Stride: the horizontal or vertical step size from one receptive field to the next.

Figure 14-4. Reducing dimensionality using a stride of 2

Filters = convolution kernels = kernels.

Feature map: a layer full of neurons using the same filter outputs a feature map, which highlights the areas in an image that activate the filter the most.

CNN has many feature maps

CNN vs FCN: The fact that all neurons in a feature map share the same parameters dramatically reduces the number of parameters in the model. Once the CNN has learned to recognize a pattern in one location, it can recognize it in any other location. In contrast, once a fully connected neural network has learned to recognize a pattern in one location, it can only recognize it in that particular location.

padding="valid" means no zero-padding

Some cases with padding and stride

Note that the height and width of the input images do not appear in the kernel’s shape

A convolutional layer performs a linear operation, so if you stacked multiple convolutional layers without any activation functions they would all be equivalent to a single convolutional layer, and they wouldn’t be able to learn anything really complex.

The convolutional layers require a huge amount of RAM. ← out-of-memory error, you can try reducing the mini-batch size

You only need as much RAM as required by two consecutive layers.

Pooling layers:

Their goal is to subsample (i.e., shrink) the input image in order to reduce the computational load, the memory usage, and the number of parameters (thereby limiting the risk of overfitting).
A pooling neuron has no weights.
A pooling layer typically works on every input channel independently, so the output depth (i.e., the number of channels) is the same as the input depth.
By inserting a max pooling layer every few layers in a CNN, it is possible to get some level of translation invariance at a larger scale.
Max pooling has downsides → dropping 75% of the input values. It preserves only the strongest features.
Average pooling layers used to be very popular, but people mostly use max pooling layers now, as they generally perform better.
Depthwise max pooling

Figure 14-11. Depthwise max pooling can help the CNN learn to be invariant (to rotation in this case)

Global average pooling layer: often see in modern architectures. It just outputs a single number per feature map and per instance. It can be useful just before the output layer.

Typical CNN architecture

Figure 4-12

A common mistake is to use convolution kernels that are too large.

ImageNet

Today, we would use ReLU instead of tanh and softmax instead of RBF.

Some famous networks:

LeNet-5 (Yann LeCun 1998), widely known CNN, on MNIST dataset.
AlexNet: similar to LeNet-5 but larger and deeper, 1st to stack convolutional layers directly on top of one another.
GoogLeNet: much deeper than previous.
VGGNet: use many 3x3 filters
ResNet: deeper and deeper and fewer params, use skip connections. ResNet (Residual Networks)
Xception: merges the ideas of GooLeNet and ResNet, but it replaces the inception modules with a special type of layer called a depthwise separable convolution layer.

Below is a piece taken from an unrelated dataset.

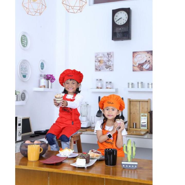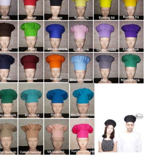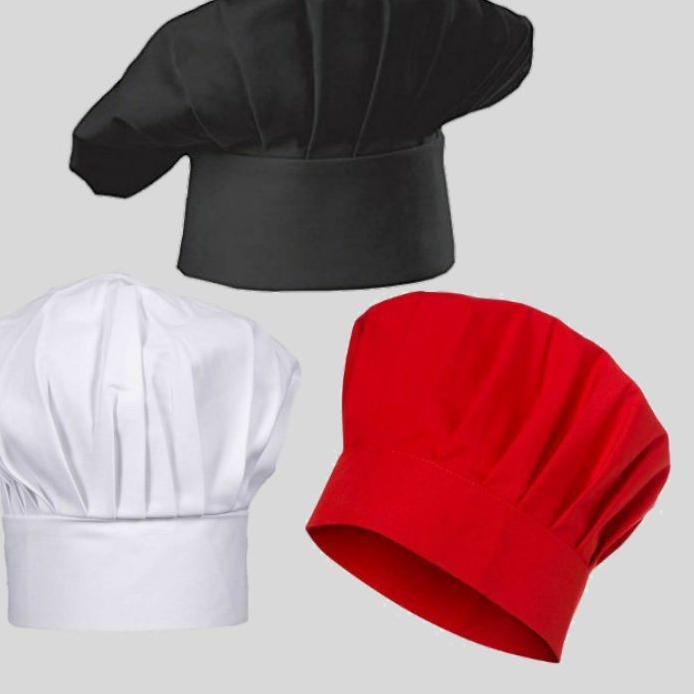 Topi Koki Topi Chef Hat Chef Profesional Dewasa dan anak - Hitam Merah Putih ( Tersedia 26 varian warna )

Since separable convolutional layers only have one spatial filter per input channel, you should avoid using them after layers that have too few channels, such as the input layer

SENet: This architecture extends existing architectures such as inception networks and ResNets, and boosts their performance.

The boost comes from the fact that a SENet adds a small neural network, called an SE block, to every inception module or residual unit in the original architecture

EfficientNet: The authors proposed a method to scale any CNN efficiently, by jointly increasing the depth (number of layers), width (number of filters per layer), and resolution (size of the input image) in a principled way. This is called compound scaling.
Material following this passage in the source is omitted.